Officials in the Biden administration “were looking for a way out” regarding Syria “but then came the war with Ukraine,” Adesnik said. 

With Russian and Iranian help, the Assad regime—which lost control of much of the country in the war’s early years—held on against rebels backed at times by Saudi Arabia, Qatar, Turkey and the United States. Clinging to power, Assad and his loyalists became dependent on Tehran and Moscow. The desire for less tension if not better relations with the latter two capitals ultimately led Arab League members to bring Assad back, regardless of how that played in Washington. 

The nature of Assad’s survival was no secret. This June, the Netherlands and Canada filed a complaint against Syria with the United Nations’ International Court of Justice. The two countries allege “the regime of Bashar al-Assad has tortured thousands of civilians, in violation of a UN convention.” 

The Hague and Ottawa want the ICJ to order Damascus “to halt an alleged torture program during a long-running war.” They say “there is ample evidence the regime has engaged in systemic gross human rights violations against its own people since 2011.” 

No matter. The Dutch and Canadian complaint came weeks after Assad’s return to regional acceptance. In his Wall Street Journal commentary, Walter Russell Mead noted that “long-time American allies such as Saudi Arabia, Egypt and the United Arab Emirates have flipped from backing the US-led effort to isolate and ultimately overthrow Assad to supporting the Sino-Russian goal of reintegrating him into the regional order.”  

Blowback

Assad’s reintegration progresses even though “he still controls only about 60 percent” of Syria “and about 50 percent of the population,” Adesnik said. “It’s been a Pyrrhic victory” elevating Russia and Iran in Syria. Tehran sees Damascus as part of the “axis of resistance” against Israel and the United States, he added. Russia seeks to leverage Assad’s regional reemergence to bolster its own position vis-à-vis Europe and eventually the United States. 

Syria has facilitated Iranian attempts to trans-ship weapons, including precision missiles, to Hezbollah in Lebanon, Adesnik said. Hence the hundreds of airstrikes Israel continues to conduct on Syrian territory. Nevertheless, the IRGC, which supported the Assad regime, persists with attempts to establish bases in Syria close to Israel. 

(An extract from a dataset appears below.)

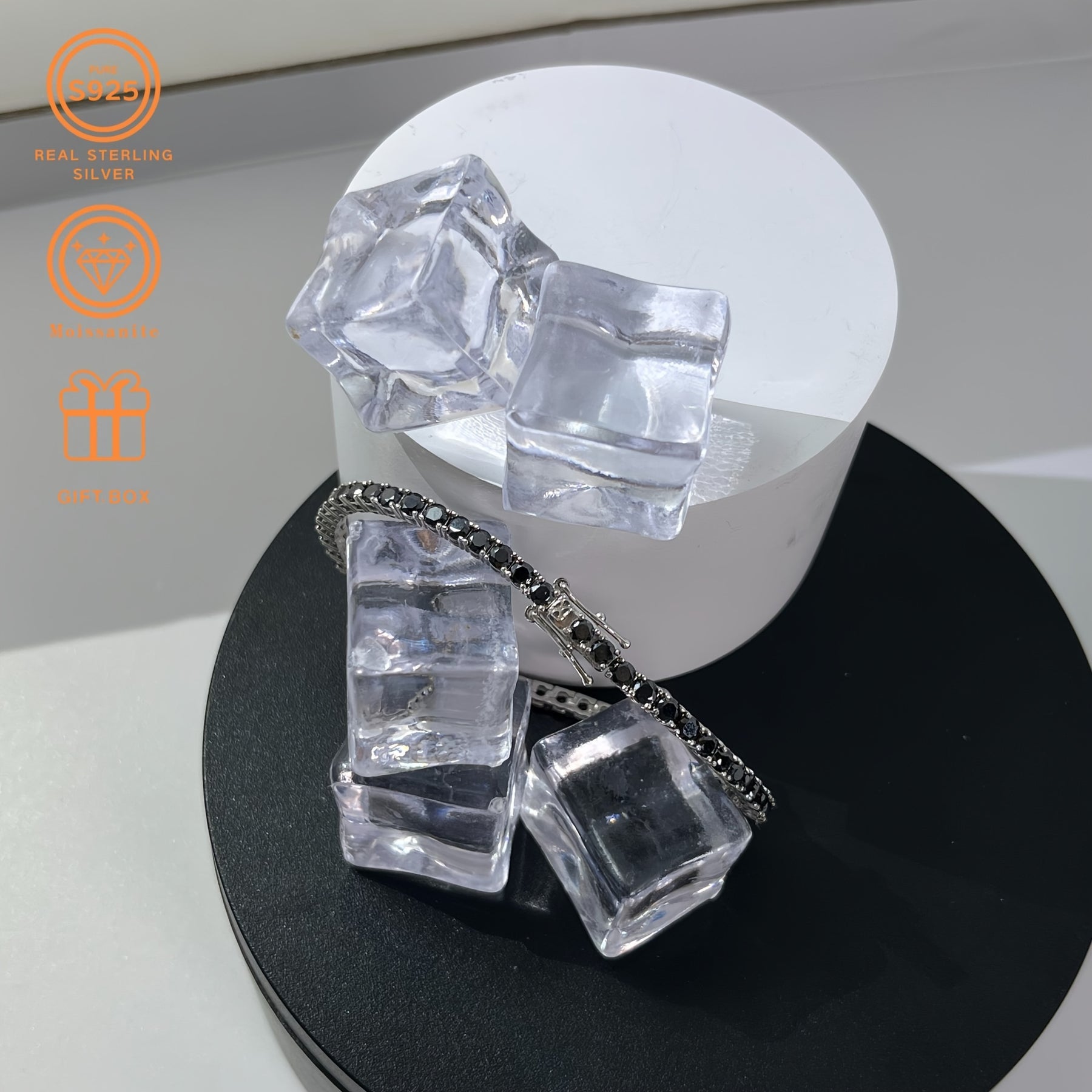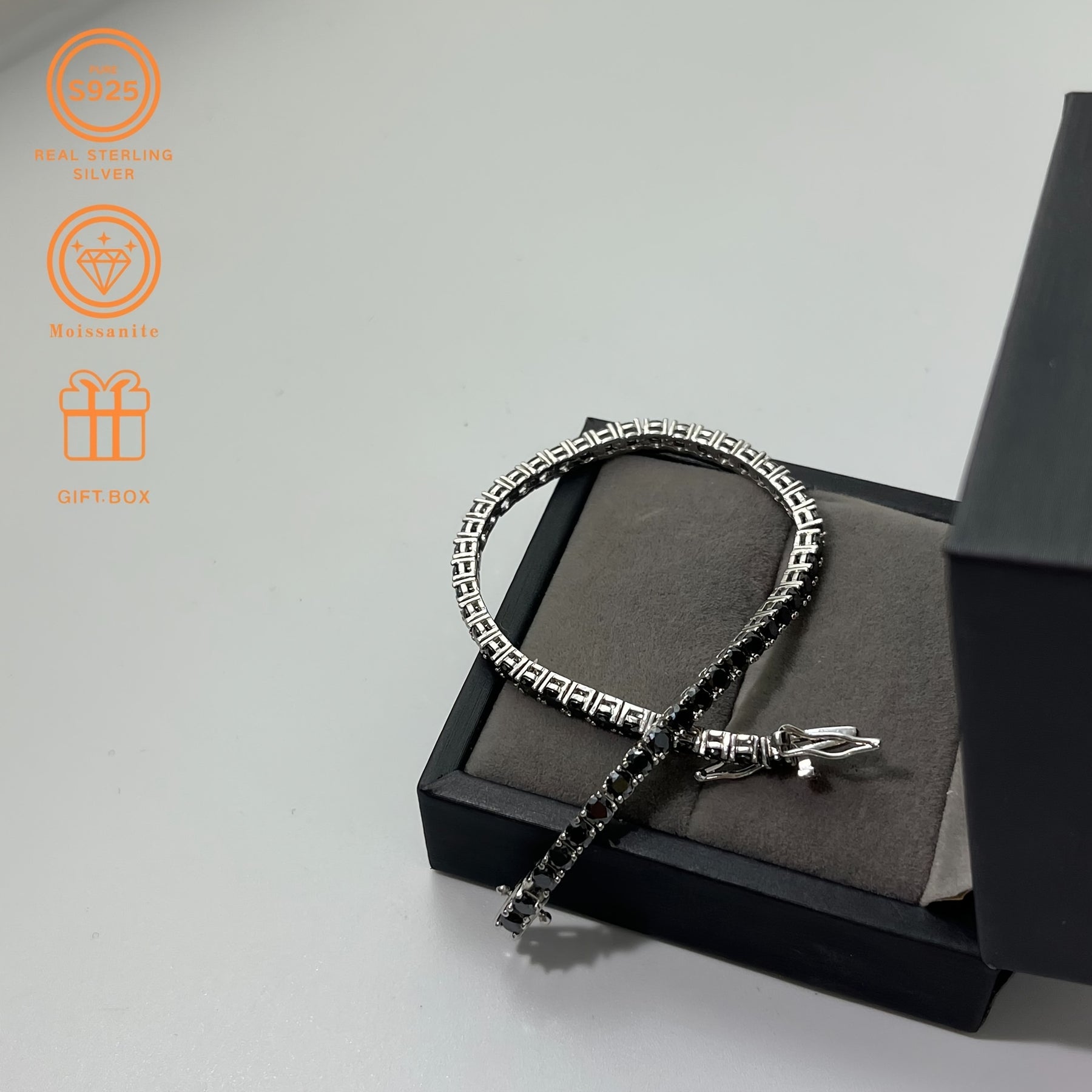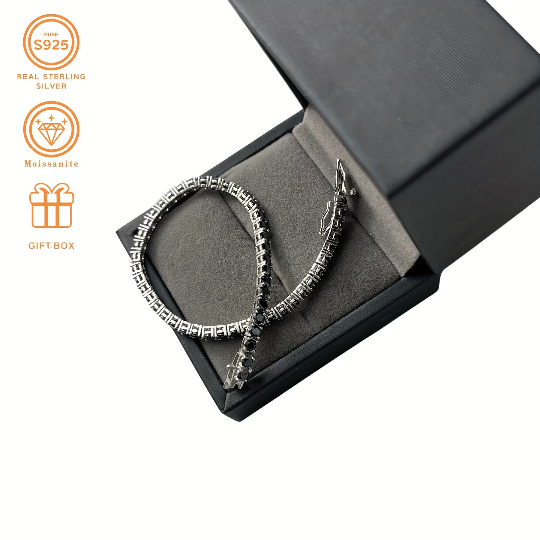 A stunning tennis bracelet featuring a single 0.1 carat moissanite stone set in high-quality S925 silver. This bracelet exudes elegance and grace, weighing about 9.6 grams.

Washington Post columnist Josh Rogin critically summarized the import of Assad’s Arab League return in a May 31 commentary:

“When Ukrainian President Volodymyr Zelensky spoke to the assembled leaders of the Arab League this month, Syrian President Bashar al-Assad, newly restored to the organization, took off his translation headset and refused to listen. Assad’s mere presence in the hall shows that the Arab League is deaf to Ukraine’s pleas. Arab leaders have thrown in their lot with the Syrian 

butcher and his close ally Russian President Vladimir Putin.

“The Biden administration publicly says it won’t normalize relations with Assad but no longer objects to Arab countries doing so. This is an abdication of 12 years of US commitments to hold Assad accountable for his mass atrocities. It is also a failure to implement US law requiring sanctions on those who aid the Syrian dictator. … [U]nless somebody does something to hold Assad and his enablers accountable, their Syrian and Ukrainian victims won’t be the last.”